# Bitch absorbed puppies very late....PLEASE READ



## Benny1234 (Mar 25, 2014)

Hi,

Not so much looking for advice but thought I would post this info. I have had English bulldogs in the family for many years. We are not avid breeders so to speak but have had an occasional litter over the yeasts. My bitch who is 2.5 years old was mated successfully and confirmed at a scan at 6 weeks. Discussion with the vets and as previously aware, an elective ceserean was decided best for her. Now bare in mind she has been back and forth the vets for monitoring, pups felt moving by the vet last week. She went into vets yesterday for check and decided that was the day. 

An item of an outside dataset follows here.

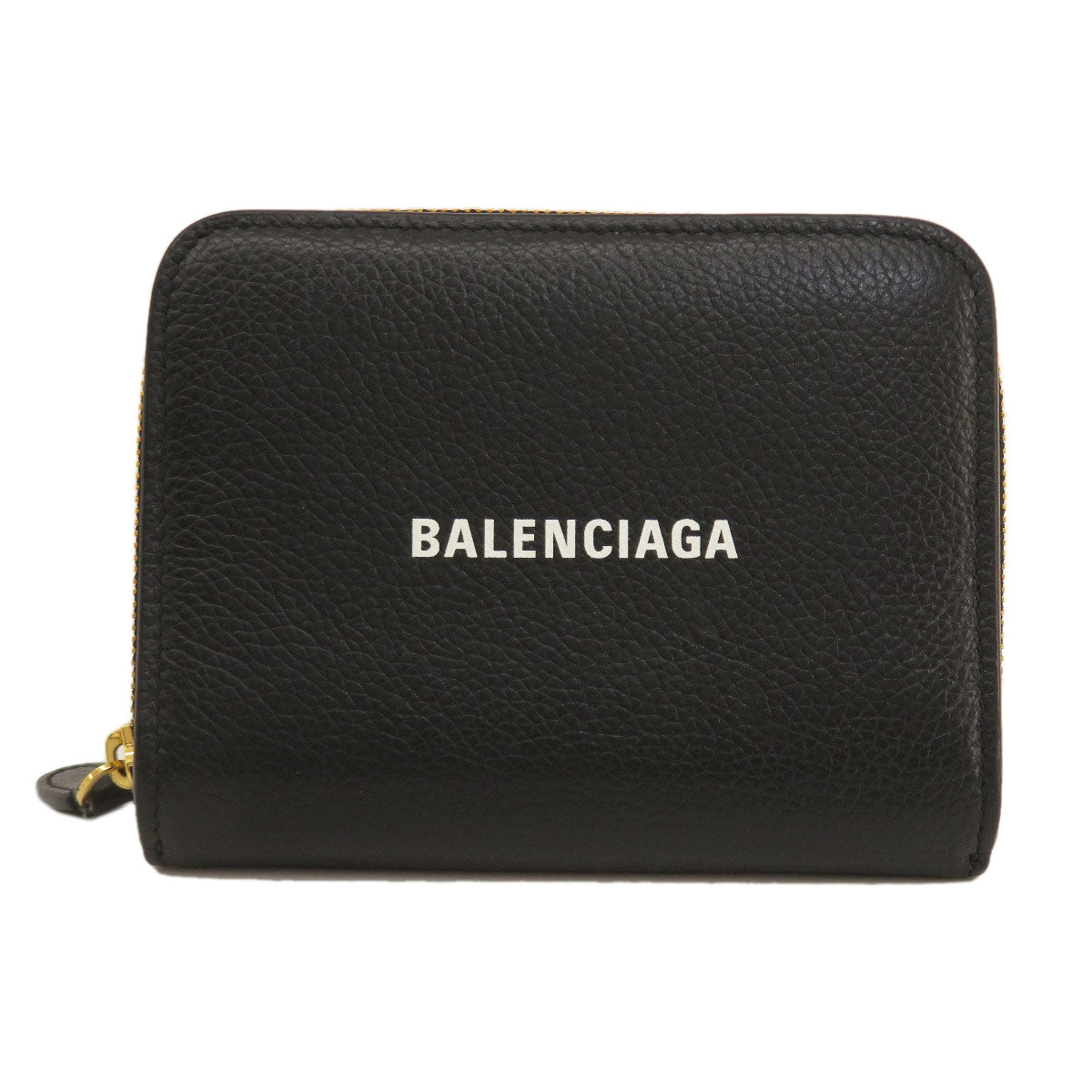 BALENCIAGA Bifold Wallet 650871 leather black logo Women(Unisex) Used Authentic

Left her there came home awaiting the call. Vet called and said that he had some bad news. My heart was in my mouth, thought something was wrong with the bitch. He advised that she had been anaesthetised ready, upon inspection could only feel a small mass, decided to X-ray before operation, bitch is not pregnant. This baffled him as much as myself and my husband. He advised that he has never known a bitch to do this so late, she even had milk in her teats and her cervix had started to open. He believes that the mass which is left is what she could not break down herself and absorb. I have been given me antibiotics for the infection in the womb, which he advised will break down and clear, also phantom meds which basically tell the brain that there are no babies and to stop all symptoms. This even had my vet who was very experienced 2nd guessing his own judgement. I'm not bothered, just glad the bitch is ok. Has anyone heard of this before so late on? Bare in mind yesterday she was 62 days. Today was official due date.


----------



## Kyllobernese (Feb 5, 2008)

I don't know if this was the same thing but many years ago when we were breeding and showing our Scottish Terriers, we had a female that usually had six or seven pups. I was actually working for a Vet at the time and her due date came along, she looked as big as she usually did and when she started to whelp, she had one pup. I took her into the Vet as he was sure there must be more. He x-rayed her and sure enough no more pups. It never happened again with her or any of my other females. That was back before everyone had the Internet so that gives you an idea how long ago that was.


----------



## animalcraker (Nov 9, 2006)

Was a prior X-ray done to verify how many pups before you did the c-section? Were there ever any ultrasounds done to check for pups and fetal heart beats?


----------



## Kayota (Aug 14, 2009)

"My bitch who is 2.5 years old was mated successfully and confirmed at a scan at 6 weeks. " Not exactly sure what this means but it seems to be one or the other. Guessing ultrasound.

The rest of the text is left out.